Thanks, I think that helps.

The problematic node is {tomorrowland-scheduler-itcontracts-elasticsearch-4}{fVEHh1LjR9ybJuXz0FmRCw}{M7N6gcVxS-KDeIIhm18kbA}{172.19.194.197}{172.19.194.197:9300}{ml.max_open_jobs=10, ml.enabled=true} - we can see that all 5 management threads are blocked in IndexShard.translogStats waiting to acquire a lock on the translog. I also see three indexing threads that are blocked waiting for space in the sync queue, so there must be at least 1024 pending sync requests.

The thread that holds the lock seems to be stuck waiting for I/O to complete, writing a translog checkpoint:

    0.0% (0s out of 500ms) cpu usage by thread 'elasticsearch[tomorrowland-scheduler-itcontracts-elasticsearch-4][bulk][T#3]'
     10/10 snapshots sharing following 39 elements
       sun.nio.ch.FileDispatcherImpl.force0(Native Method)
       sun.nio.ch.FileDispatcherImpl.force(FileDispatcherImpl.java:76)
       sun.nio.ch.FileChannelImpl.force(FileChannelImpl.java:388)
       org.elasticsearch.index.translog.Checkpoint.write(Checkpoint.java:131)
       org.elasticsearch.index.translog.TranslogWriter.writeCheckpoint(TranslogWriter.java:312)

I suspect slow storage, because this shouldn't be taking ≥500ms to complete. Are you using local disks or network-attached storage? What does the latency on your indexing requests look like?

I also see a synced flush that's blocked on the translog lock. Synced flushes are triggered when a shard becomes inactive, or via the API. This shard doesn't look inactive, so I think this is coming from a client. Flushes are quite expensive, and rarely necessary - why are you triggering this? Also a synced flush is fairly pointless on an active shard since there's a good chance that it won't succeed on all shards and, even if it does, the sync marker will be wiped out on the next document that's indexed.


(Sumanth Reddy) #12

Hi David,

Sorry that i wasn't able to reply to this earlier.
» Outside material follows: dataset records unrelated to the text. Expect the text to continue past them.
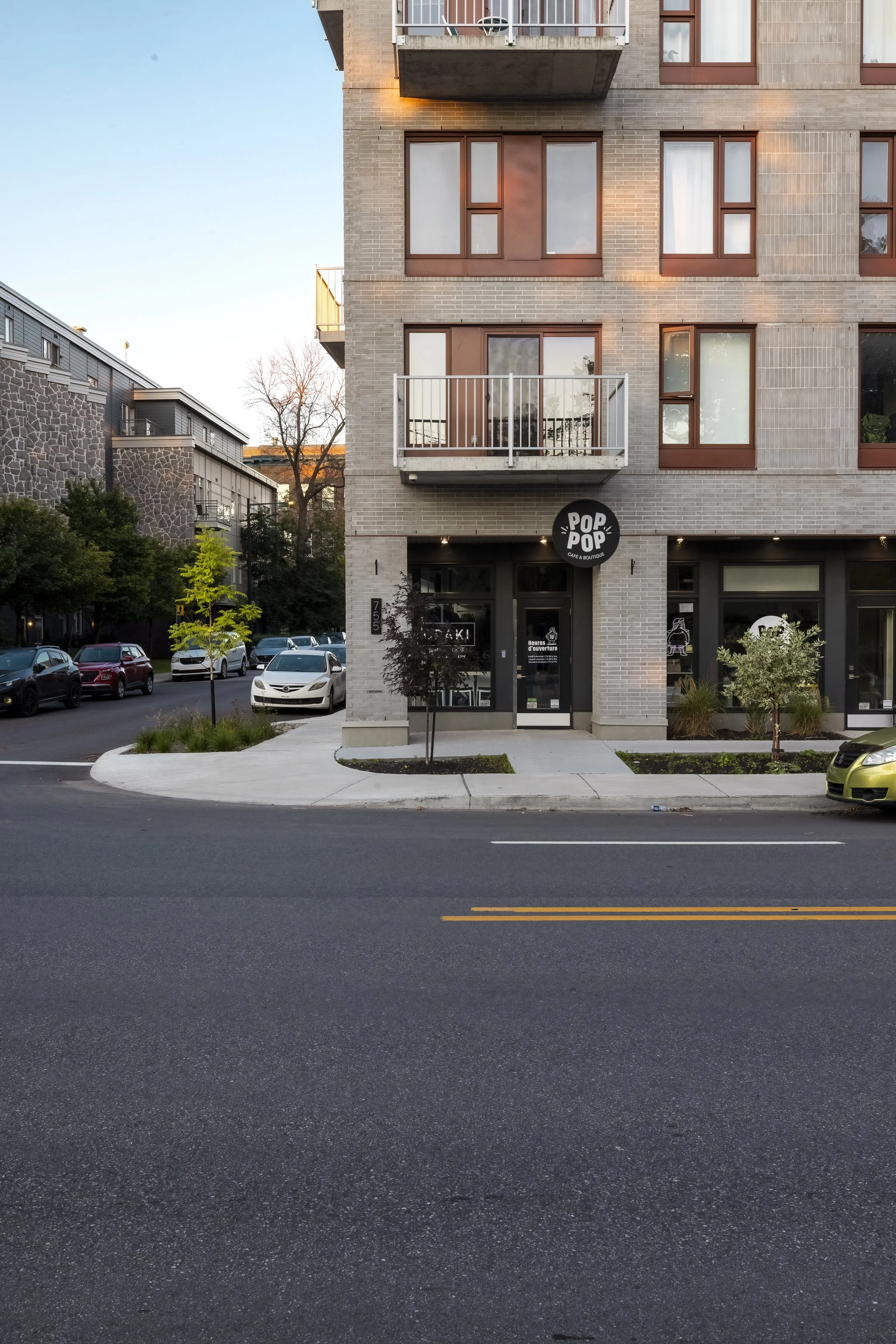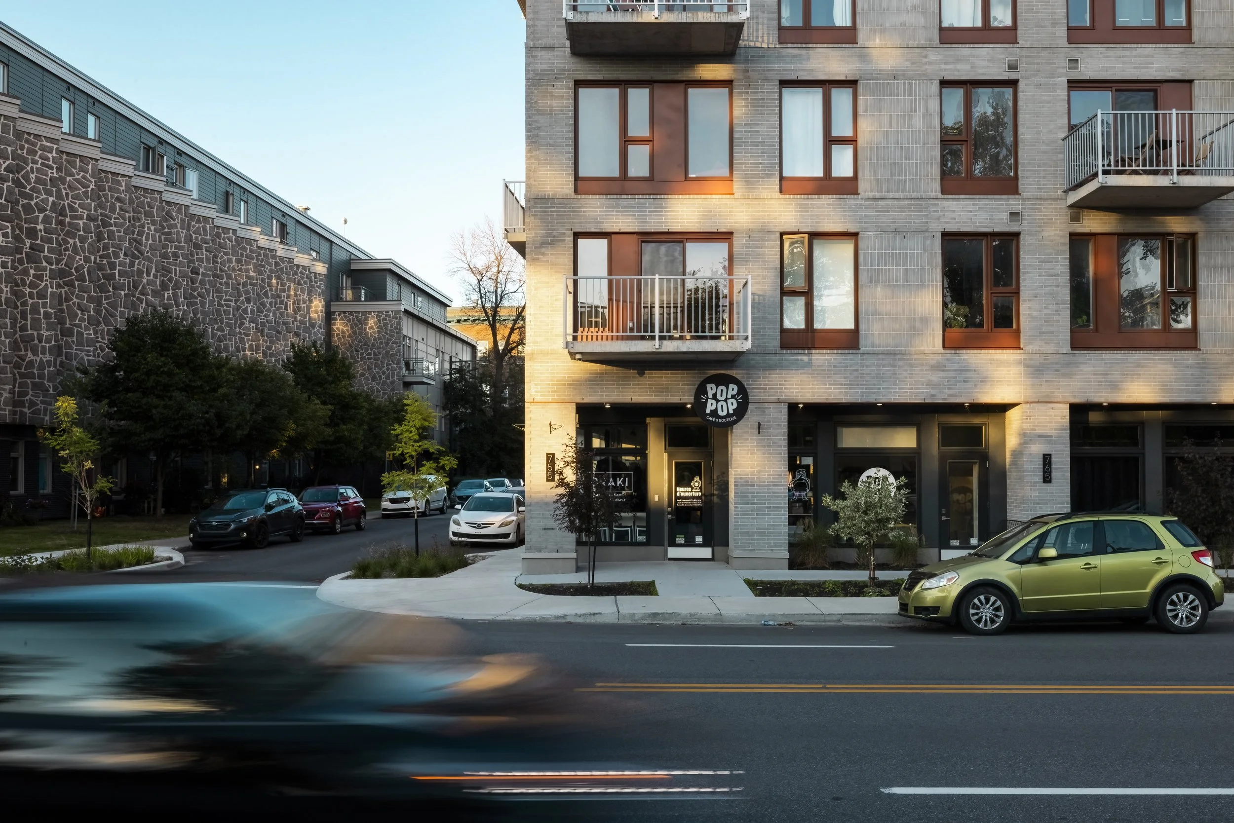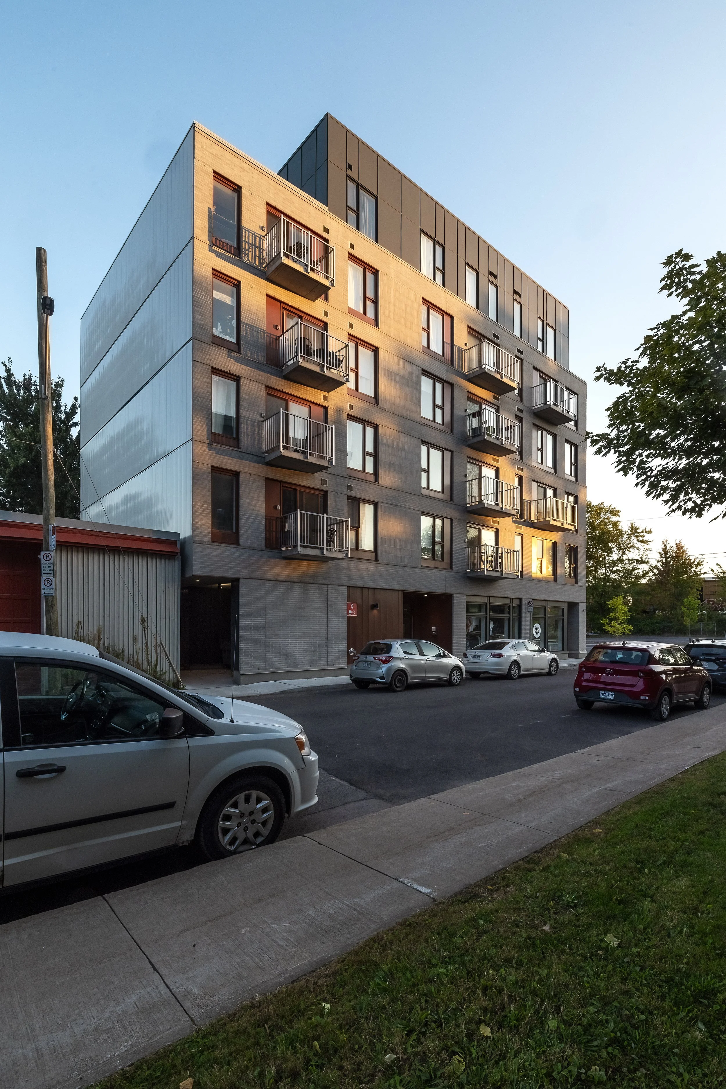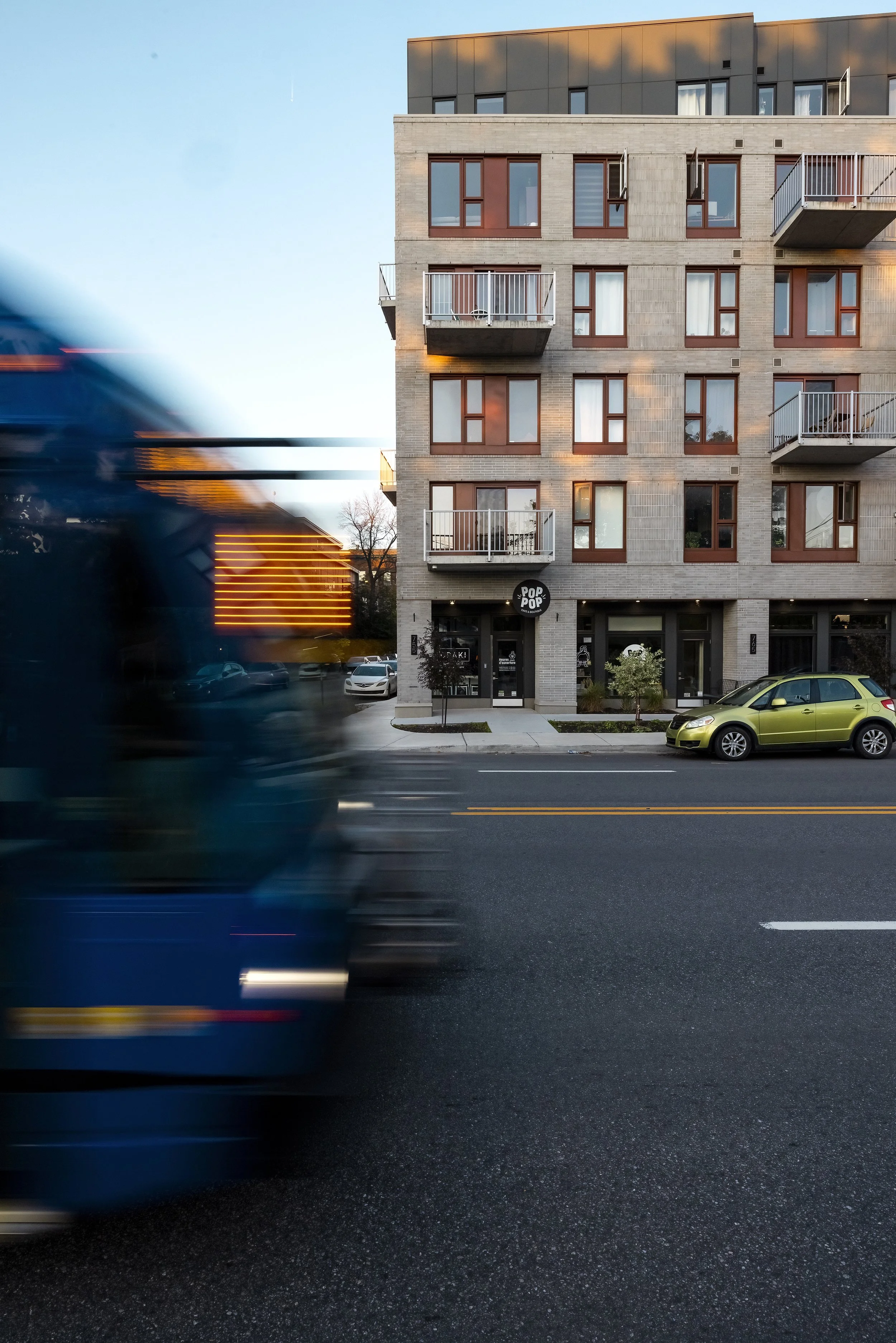 Conçu sans stationnement automobile, Franky mise sur le transport actif et collectif, réduisant à la fois l’empreinte écologique, les coûts de construction et les loyers. Libéré des voitures, le sous-sol accueille plutôt de généreux espaces de rangement à vélos, communs et privés. Son succès est manifeste : toutes les unités ont été louées avant même la fin du chantier, confirmant l’intérêt croissant pour ce type de programme.
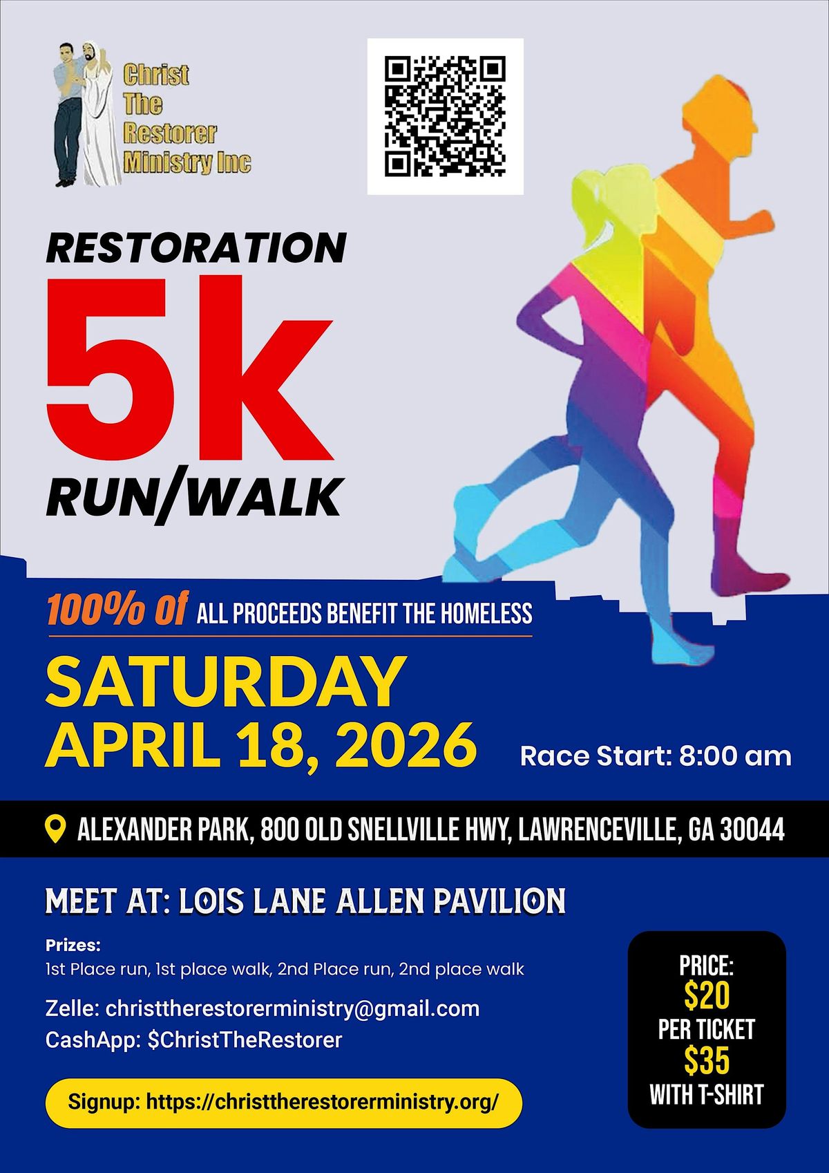 Christ The Restorer Ministry is a nonprofit organization dedicated to restoring the lives of the homeless in Gwinnett County and the Metro Atlanta area. Our ministry also strives to prevent homelessness for all! Join us for a fun-filled day at our Restoration 5k Run/Walk event on April 18, 2026! Lace up your sneakers and get ready to hit the trails at Alexander Park, 800 Old Snellville HWY at the Lois Lane Allen Pavilion. Whether you're a seasoned runner or just looking for a leisurely walk, this event is perfect for all fitness levels. Enjoy the beautiful scenery and fresh air as you make your way through the course. Don't miss out on this opportunity to get active, have fun, and support a great cause. 100% of the proceeds benefit the homeless! Tickets will be $20 to enter the race up until the start of the event. If you would like a t-shirt, tickets will be $35 to enter the race and receive a t-shirt. Ticket sales will close 2 days before the event. If you are purchasing a t-shirt, please leave your size next to your name upon signing up. Fruits and refreshments will be provided. See you there!
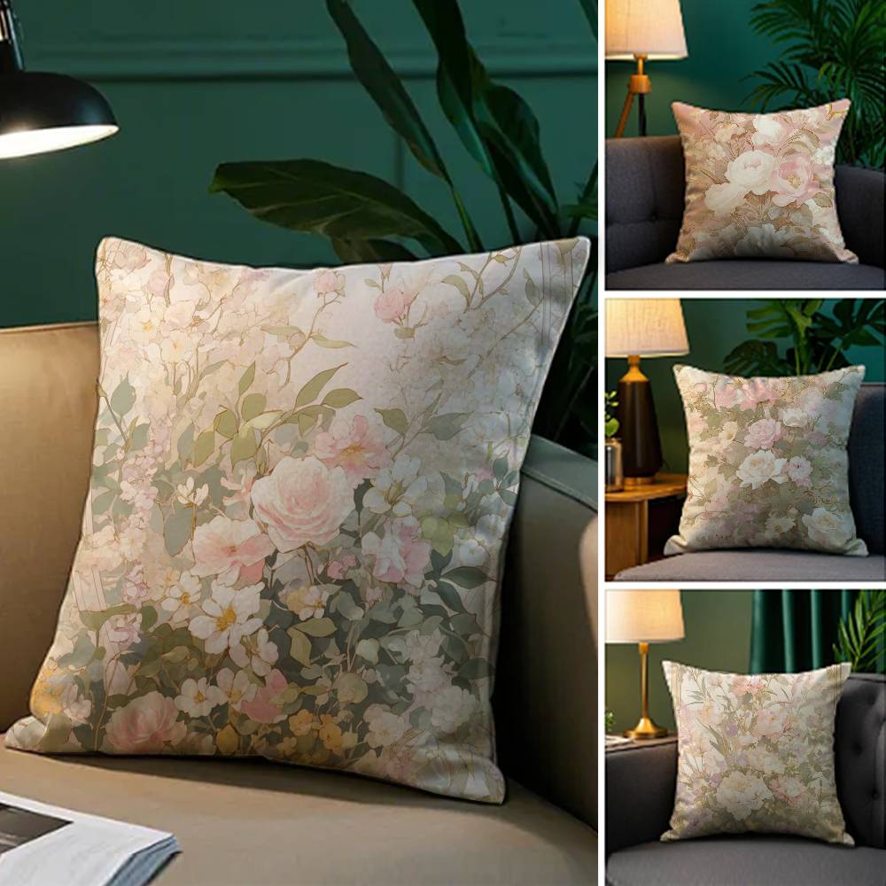 Ästhetischer R-Roco-coS-Stil Floraler Kissenbezug Anti-Hausstaubmilben-Kissenbezug Verdeckter Reißverschluss seidig kurzer Plüsch Sofakissenbezug
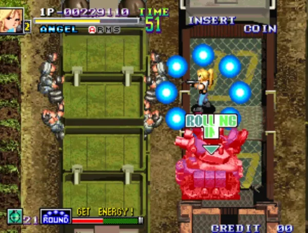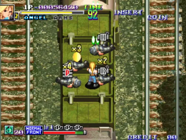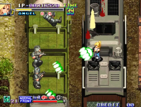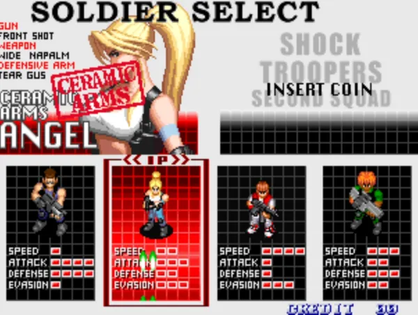 对于本作其实是一个不逊于合金弹头的游戏!你完全就可以把它当作一个俯视版的“合金弹头”。有多达8名角色可以选择,每个角色的火力、速度、血量、雷都不同,还可以一次选择3人合作或者是“独狼”独闯。虽然俯视游戏,没有跳跃,但是有闪避,敌人形象丰富、幽默,战场上可以获得的武器种类繁多,游戏及其爽快,合金弹头的完美前身,强烈推荐之。
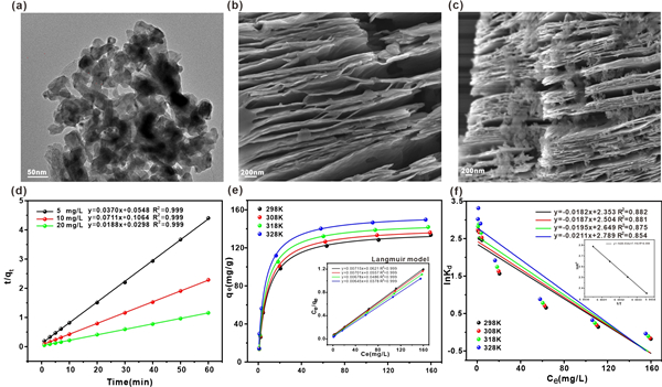 图1.(a)La-Mg LDH的TEM图;(b)Ti3C2TX的SEM图;(c)La-Mg LDH/Ti3C2TX的SEM图;La-Mg LDH/Ti3C2TX吸附氟的(d)一级动力学,(e)Langmuir模型和(f)热力学模型图。

We didn't initiate any synced flush.

You were right. We are using the NFS storage for our backends and probably the reason why some threads might have got stuck. We found that the Elasticsearch node container itself is getting stuck in that hosts and had to reboot VM's.

I'm marking your above reply as solution since it helped us figure out exactly which node has the issue.

Thank you. You were extremely helpful with proper diagnosis and timely replies.